The fix is to stop comparing adjacent reads. The engine tracks the furthest point the read has reached and treats any read near that point as part of the same stream, wherever it falls in the arrival order. Order stops mattering, and the same code now works on Windows, Linux, macOS and BSD. A regression test feeds the read path deliberately shuffled offsets to keep it that way.

A stale binary almost hid the whole thing

For a stretch the Windows numbers showed no change at all, read-ahead on or off. The cause was not the code. The Windows build had been failing for days and the deploy was shipping a six-day-old binary that predated the feature. The build passed a linker path of C:\Program Files (x86)\WinFsp\lib to the compiler unquoted; the space splits the flag and the build fails, but the deploy step checked only whether the old executable still existed, found it, and reported success. So a failed build looked like a successful one and kept serving the previous binary.

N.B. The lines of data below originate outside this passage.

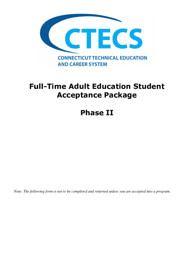 Halftime Adult Education Student Acceptance Package Phase Minute: The following form is not to be completed and returned unless you are accepted into a program. APPENDIX 12APart I: Immunization History: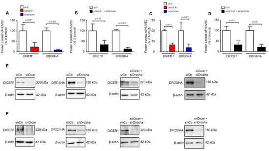 We used transient siRNA or lentiviral stable shRNA delivery to HUVEC to achieve knockdown of DICER1, DROSHA or DICER1 and DROSHA. As determined by real-time PCR analyses, shRNA directed against DICER1 led to a significant reduction in HUVEC DICER1 mRNA content (27.9 ± 12.9%) vs. non-targeting shRNA control (100 ± 35.5%, p < 0.05, n = 3 biological replicates from independent transductions, Supplemental Figure S1). This was also the case, but only as a non-significant trend, with shRNA directed against DROSHA (45.1 ± 8.9%) as compared to non-targeting shRNA control (100 ± 52.7%, p = 0.15, n = 3 biological replicates from independent transductions, Supplemental Figure S1). We therefore subsequently investigated the more important effects of RNAi treatment on protein levels of DICER1 and DROSHA in HUVEC. As determined by Western Blot analyses, siRNA directed against DICER1 led to a significant reduction in HUVEC DICER1 protein content (22.4 ± 21.4%) vs. non-targeting siRNA control (100 ± 29.3%, p < 0.001, n = 5–6 biological replicates from independent transfections, Figure 1A,E). In addition, siRNA-mediated knockdown of DROSHA significantly reduced the content of this protein in HUVEC (8.4 ± 4.0%) as compared with a non-targeting control (100 ± 13.5%, p < 0.001, n = 6 biological replicates from independent transfections, Figure 1A,E). Moreover, simultaneous knockdown of both DICER1 and DROSHA was achieved with a similar efficacy when both siRNA mixtures were used (Figure 1B,E). In a second approach, stable knockdown of DICER1 and/or DROSHA was induced by lentiviral delivery of specific shRNAs or non-targeting shRNA control. In this approach, DICER1 knockdown led to a significant reduction in HUVEC DICER1 protein content (33.0 ± 19.3%) as compared with non-targeting shRNA control (100 ± 20.2%, p < 0.01, n = 5–6 biological replicates from independent transductions, Figure 1C,F). In addition, shRNA-mediated knockdown of DROSHA significantly reduced the content of this protein in HUVEC (19.5 ± 16.4%) as compared with non-targeting control (100 ± 38.4%, p < 0.001, n = 9 biological replicates from independent transductions, Figure 1C,F). Again, simultaneous knockdown of both DICER1 and DROSHA was achieved with a similar efficacy when both shRNAs were used (Figure 1D,F). In each experiment, a small fraction of cells was taken for analyses to verify knockdown at the protein level. Only those experiments were used for analysis in which significant knockdown of DICER1 and DROSHA was detected.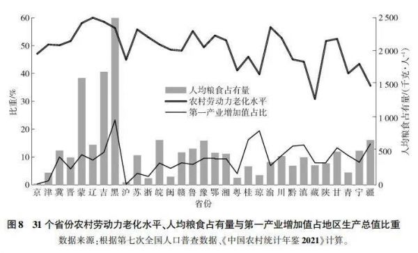其次,在农村劳动力老化水平超出全国均值的18个省份中,有14个省份的粮食人均产量超过了400公斤这一粮食安全线。由此可见,当前在农村劳动力老化势头发展迅猛的省份,整体并未出现严峻的区域性粮食安全问题,这在一定程度上反映了劳动力老龄化对区域性粮食安全的影响仍较为有限。

The lesson is unglamorous: check the timestamp on the artifact you are testing before you trust a benchmark. The build now passes the path in its space-free short form, deletes the old binary before compiling, and exits with the compiler error when it fails, so a broken build stops being mistaken for a working one.

Tradeoffs and what is next

A seek still costs one cold block. Jumping to a new spot fetches the 16 MiB around it before the first frame appears, a second or two at this latency, and then read-ahead takes over and it plays smoothly. For interactive playback that is the right tradeoff; prefetching more on a guess would waste the link.

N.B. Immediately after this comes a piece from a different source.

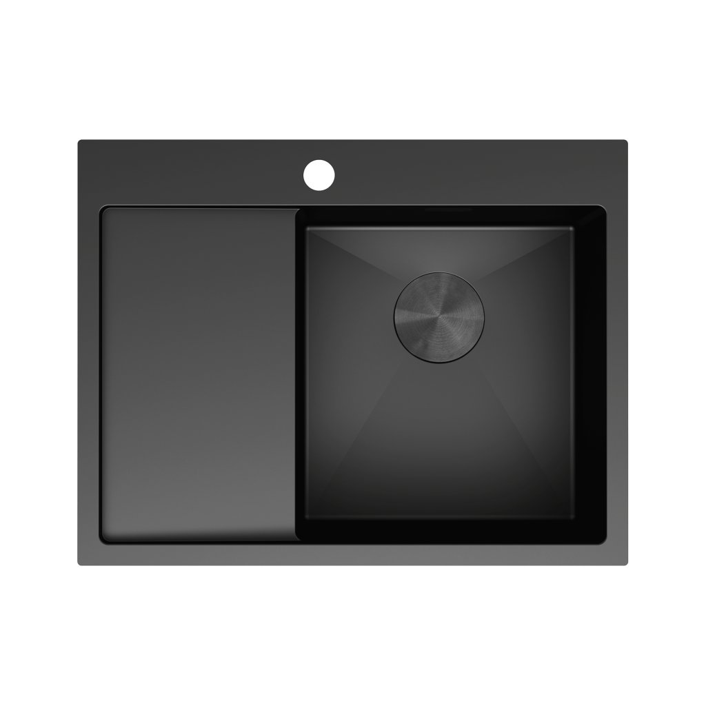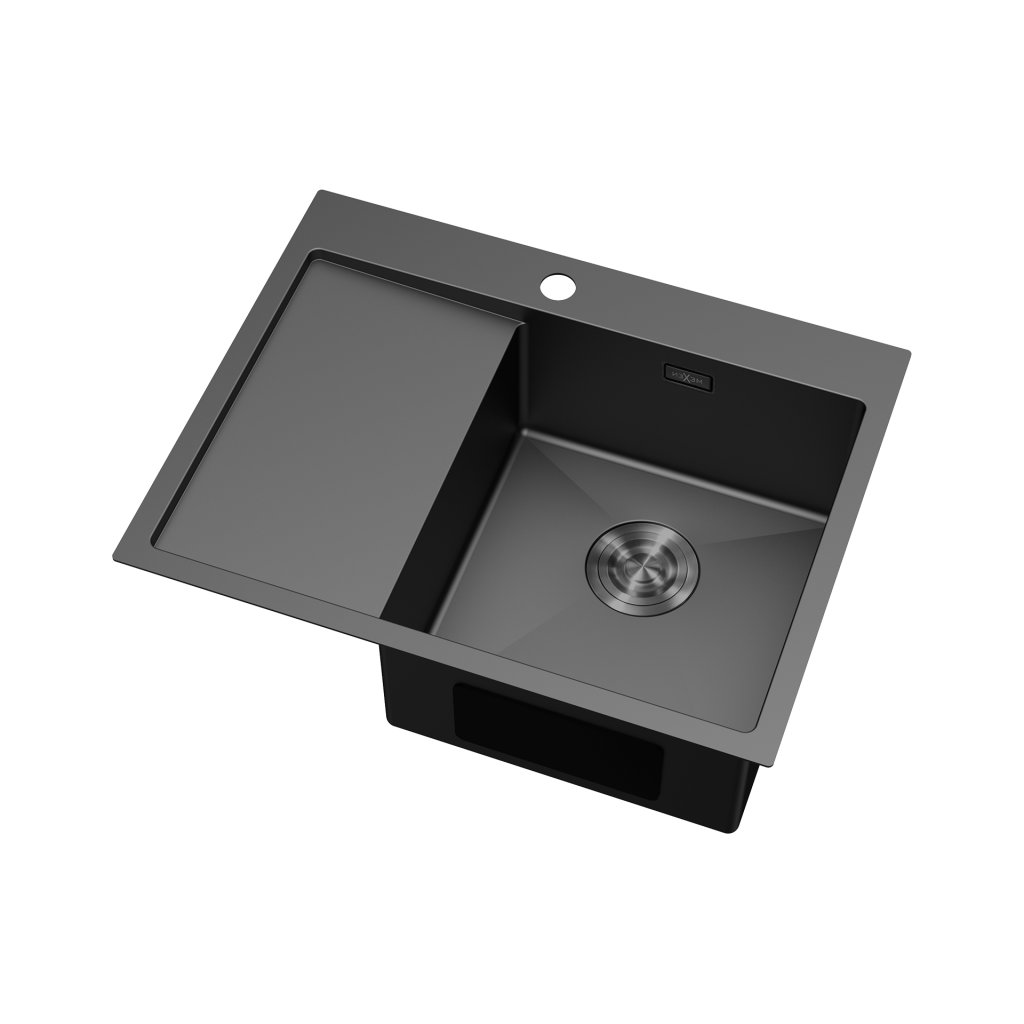 Chiuvetă Mexen Exar, din oțel inoxidabil cu 1 compartiment și scurgător, dreapta, 620 x 480 mm, neagră, 6432621005P-70

The next inefficiency is editing. Today, changing a shared file re-fetches it; the planned change invalidates only the byte ranges that actually changed. That matters for read, edit, hand off workflows, video post-production and audiobook production among them, where the same large file moves back and forth between people. That is a separate post.

Medians over repeated cold trials at 3 MB/s paced playback, both peers reached over the TCP bridge at about 200 ms round-trip, on commit a649faa. Windows reader is a WinFsp mount in Singapore; Linux reader is a libfuse mount on the Timisoara VPS.